Juan Francisco Buenaventura de Ayala Escobar (1635 – May 28, 1727) was a prominent Spanish soldier and administrator who governed Spanish Florida from October 30, 1716, to August 3, 1718. The succeeding governor, Antonio de Benavides, a zealous reformer, accused Ayala of trading in contraband with the English, and had him arrested and briefly jailed in the Castillo de San Marcos of St. Augustine. He was eventually exiled to Cuba, where he died in 1727, before he was exonerated and all charges dropped in 1731.

According to most historians writing in English, Ayala was born in Havana in 1635, although the Cuban historian Francisco Xavier de Santa Cruz states that he was baptized in the Cathedral of Córdoba in 1650. As a young man, Ayala sailed for two decades on Spanish merchant vessels in the Caribbean, where he learned established trade routes and how to navigate the channels and harbors of the islands and mainland coastlines. He eventually settled in Cuba, where he married the daughter of the adjutant to the sergeant major of the presidio of Havana and decided to join the Royal Spanish Army. In 1677 he was made a captain of infantry, and in 1683 he was made warden of the garrison at the presidio of St. Augustine, serving as lieutenant of the Castillo, with the honorary rank of reformado captain.
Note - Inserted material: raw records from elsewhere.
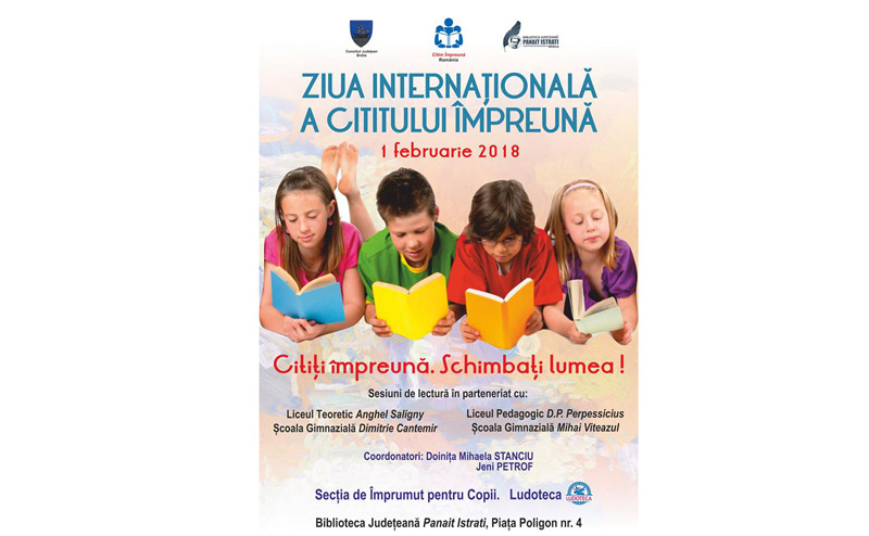 Joi, 1 februarie 2018, Biblioteca Judeţeană „Panait Istrati” Brăila celebrează “Ziua Internaţională a Cititului Împreună” (ZICI), eveniment global marcat de milioane de oameni în peste 100 de ţări, organizat de către Lit World. Apelul lansat de Asociaţia „Citim Împreună România” (CIR), iniţiatoarea proiectului, a atras anul acesta peste 500 de parteneri, care vor organiza sesiuni de lectură împreună cu mii de copii şi sute de educatori, învăţători, profesori, bibliotecari, librari şi pasionaţi de lectură din întreaga ţară.
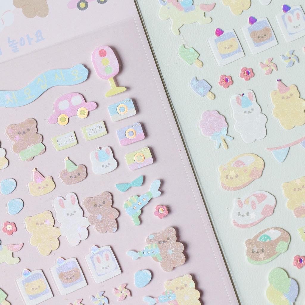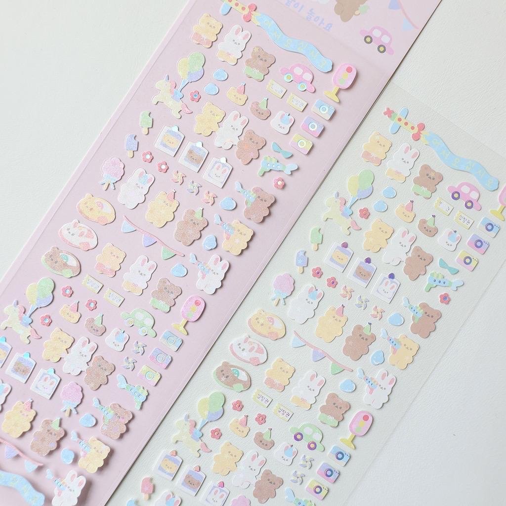 Step into a tiny wonderland filled with spinning rides, sweet treats, and magical fair lights. This adorable Volzzi theme park sticker sheet captures the joy of a fun day at the amusement park; laughter in the air, music playing in the background, and that dreamy feeling of being somewhere playful and carefree. The holographic shine adds a little extra sparkle, just like fireworks lighting up the night sky after a perfect day out
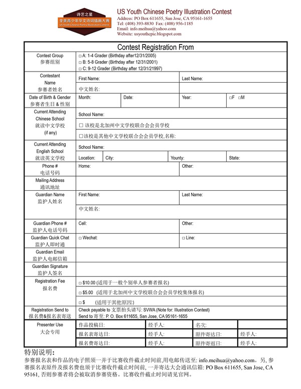 〈诗艺之星-全美青少年华文诗词插画大赛〉 活动比赛报名表 🌟比赛作品制作&报名 詩藝之星插畫大賽-103001 11/14 11652 4.0/1 活动比赛报名表下载: http://www.weidb.co/p31533http://usyouthcpic.weidb.com/p31533 获取作者更多文章 上一页 下一页 1. 〈诗艺之星-全美青少年华文诗词插画大赛〉比赛作品制作&报名方法(19650) 2. 〈诗艺之星-全美青少年华文诗词插画大赛〉 活动比赛报名表 (11652) 上一页 下一页
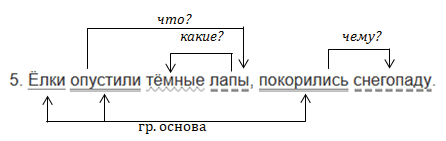 Это предложение повествовательное, невосклицательное, основа предложения - ёлки (подлежащее), однородные сказуемые - опустили, покорились. В предложении есть второстепенные члены, поэтому оно распространённое. Опустили (что?) лапы - дополнение. Покорились (чему?) снегопаду- дополнение. Лапы (какие?) тёмные - определение.
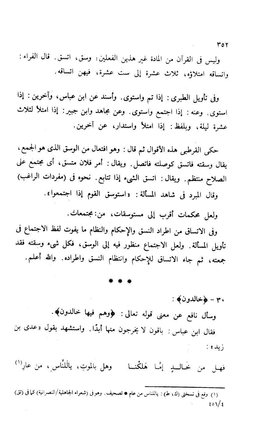وفي الاتساق من اطراد النسق والإحكام والنظام ما يفوت لفظ الاجتماع في تأويل المسألة. ولعل الاجتماع منظور فيه إلى الوسق، فكل شيء وسقته فقد جمعته، ثم جاء الاتساق للإحكام وانتظام النسق واطراده. والله أعلم.
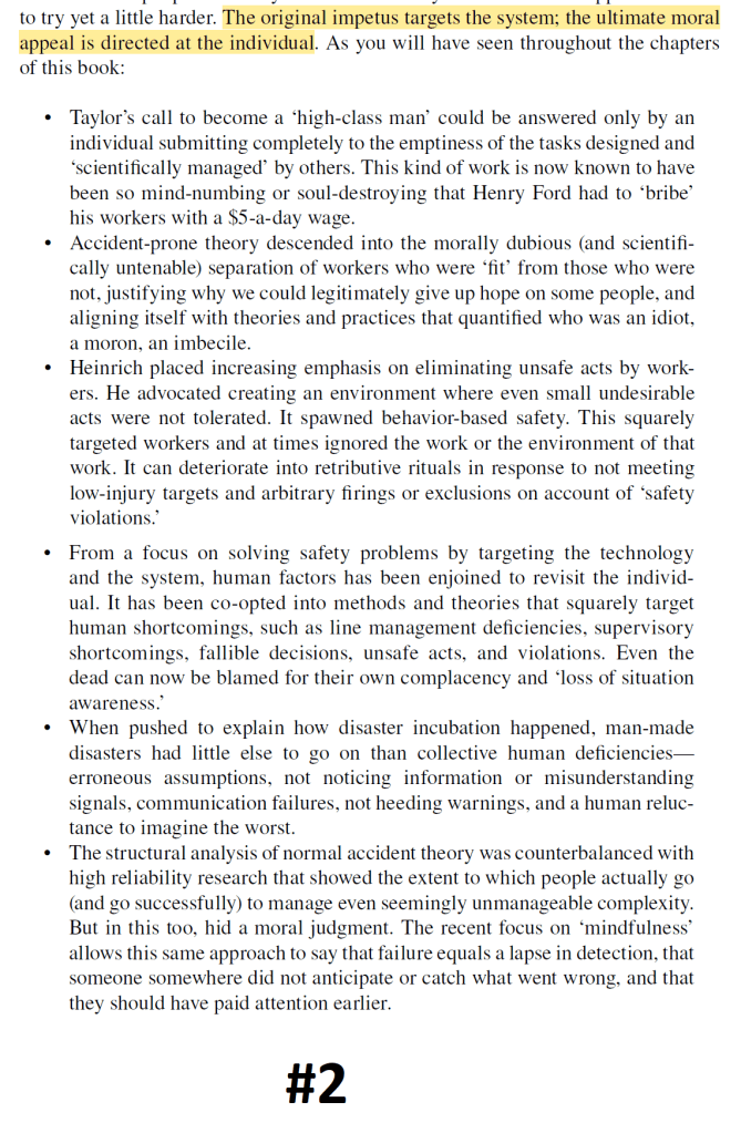 · Heinrich’s pioneering work was commandeered into behavioural approaches that “Squarely targeted workers and at times ignored the work or the environment of that work” and which could “deteriorate into retributive rituals in response to not meeting low-injury targets”
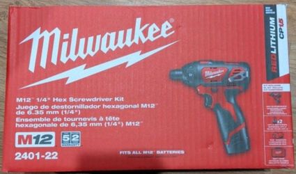 Milwaukee - M12 12V Lithium-Ion Cordless 1/4 in. Hex Screwdriver Kit with Two 1.5Ah Batteries, Charger and Tool Bag$90El Monte, CA
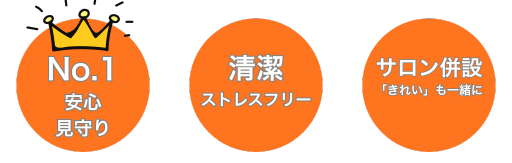 サロン併設だから、滞在中にトリミングやシャンプーも可能。お迎えのときには、ふわふわの毛並みと笑顔で再会できます。
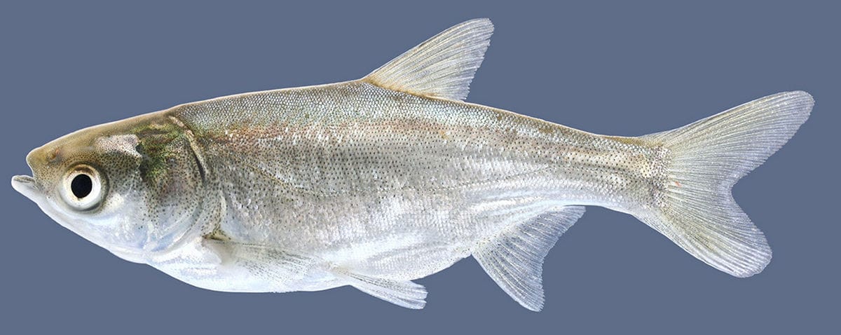 Silver Carp (Hypophthalmichthys molitrix) are closely related to Bighead Carp, native to freshwater systems in China. Known for their silvery sheen and leaping behavior when startled, Silver Carp are popular in aquaculture but can become invasive in non-native habitats.
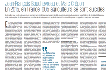 Dans l'édition du journal Le Monde du 25 mars 2021, Jean-François Bouchevreau, président de Solidarité Paysans national, signe une tribune aux côtés de Marc Crépon, philosophe, professeur à l'Ecole normale supérieure, directeur de recherche au CNRS. Ensemble, ils en appellent à la responsabilité du ministre de l'Agriculture quant aux mesures à prendre face aux chiffres alarmants du suicide dans la profession agricole.
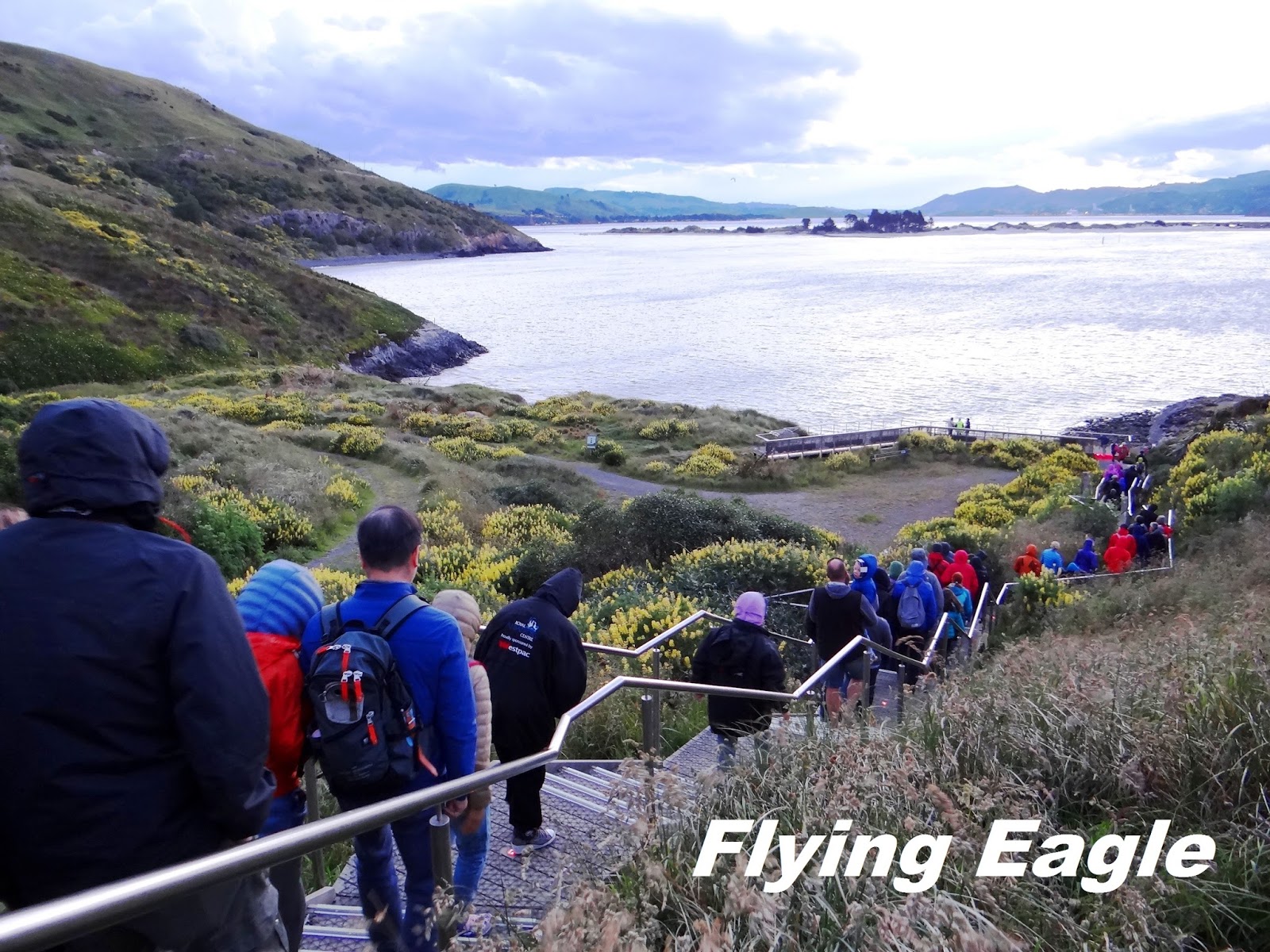 由於火車誤點,我們回到但尼丁後就狂奔往接駁車站,生恐錯過晚上的行程。賞企鵝團的小巴司機兼導遊是當地長大的年輕人,對自己的家鄉充滿熱情。他沿途很努力找尋野生的禽鳥讓我們觀賞,因此我們捕捉到高蹺鴴(Pied Stilt)和皇家琵鷺(Royal Spoonbill)的動態。皇家琵鷺有著長長的嘴,怒髮衝冠的模樣頗為逗趣。此行的目的地皇家信天翁中心(Royal Albatross Centre),是皇家信天翁的繁殖基地。信天翁習於棲息海邊,是世界最大的海洋鳥類,而且是一夫一妻制。我們對鳥類所知有限,看見漫天飛舞的鳥兒根本無法辨認那些是信天翁。碰巧遇到一對英國夫婦是專家,在他們指點下才找到幾隻。

In September 1686, Ayala sailed to Spain to request more men to supplement the garrison in St. Augustine; the Junta de Guerra (Board of War) promised him 100 soldiers of infantry, although he returned to Florida with only 80 men. He took advantage of his official supply runs to Havana in the presidio's ship to purchase food and other supplies, which he resold in his own supply store in St. Augustine, as well as selling goods from his own home. In the years when the royal subsidy, or situado, was late in coming or never arrived at all, and the people of the city were on the verge of starving, he illegally obtained food from the English merchants of South Carolina to sell in his store at grossly inflated prices. Even the garrison soldiers were forced to buy meat and flour from him, paying with what little credit remained against their future wages.